Get meaningful error messages out of data_bunch loaders

Hi!

I am trying to build an out-of-core ItemList. My first attempt is using HDF5 as block storage. You can do out of core writes and reads with it. However, Hdf5 does not play nice with multiprocessing. I suspect that not even if you open the same file, in each process, you are not safe. [at least this is written in the comments of some h5 examples]

I tried writting such a ItemList and the data_bunch.one_batch() call silently crashes with a KeyboardInterrupt exception. This exception is triggered somewhere in the code below data_bunch.one_batch() (eg in a print()). This is I suspect a multiprocessing issue.

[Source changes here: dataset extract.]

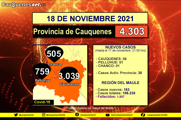 La Seremi de Salud del Maule confirmó 106 mil 235 casos de COVID-19 en la Región, indicando 163 casos nuevos para el informe del jueves 18 de noviembre. Los datos considerados, fueron recogidos hasta las 21:00 horas del 17 de noviembre.
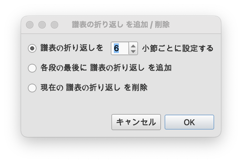 デフォルトの設定では、譜表の折り返しを4小節ごとに行う設定になっていますが、メニューの「フォーマット」-「譜表の折り返しを追加/削除」で表示されるダイアログで、譜表の折り返しを行う小節数を変更することが出来ます。

Below, is an exception example:

Exception ignored in: <function _DataLoaderIter.__del__ at 0x7f6561071bf8>
Traceback (most recent call last):
  File "/home/visoft/miniconda3/envs/ta/lib/python3.7/site-packages/torch/utils/data/dataloader.py", line 717, in __del__
    self._shutdown_workers()
  File "/home/visoft/miniconda3/envs/ta/lib/python3.7/site-packages/torch/utils/data/dataloader.py", line 713, in _shutdown_workers
    w.join()
  File "/home/visoft/miniconda3/envs/ta/lib/python3.7/multiprocessing/process.py", line 140, in join
    res = self._popen.wait(timeout)
  File "/home/visoft/miniconda3/envs/ta/lib/python3.7/multiprocessing/popen_fork.py", line 48, in wait
    return self.poll(os.WNOHANG if timeout == 0.0 else 0)
  File "/home/visoft/miniconda3/envs/ta/lib/python3.7/multiprocessing/popen_fork.py", line 28, in poll
    pid, sts = os.waitpid(self.pid, flag)
KeyboardInterrupt: 

Question: How can I get meaningful error messages from inside the data loader workers?

p.s. My next focus is using numpy’s memory mapped files and if that fails, something heavier.

Updates: The hdf5 is not an option, however, the memory mapped files are.
At least, in few tests that I did, hdf5-backed ItemList returns misalligned items and labels. This is a no-go.

I tried the same logic but using numpy memory mapped files and it worked. I got consistent items and labels. HOWEVER when debugging the code I still got a strange behavior.
Setting a breakpoint below the data_bunch.one_batch() crashes the code with KeyboardInterrupt exception inside lib/python3.7/site-packages/numpy/core/arrayprint.py. So, my original question is still relevant.

When I am running the code, without debugger, there is no exception dough. [I use pycharm IDE]

Thank you!

LE: I guess the error is triggered when cleaning up the resources (eg probably closing a memfile opened in another process?).

To get meaningful errors from pytorch DataLoader, you have to stop multi-processing by passing num_workers=0.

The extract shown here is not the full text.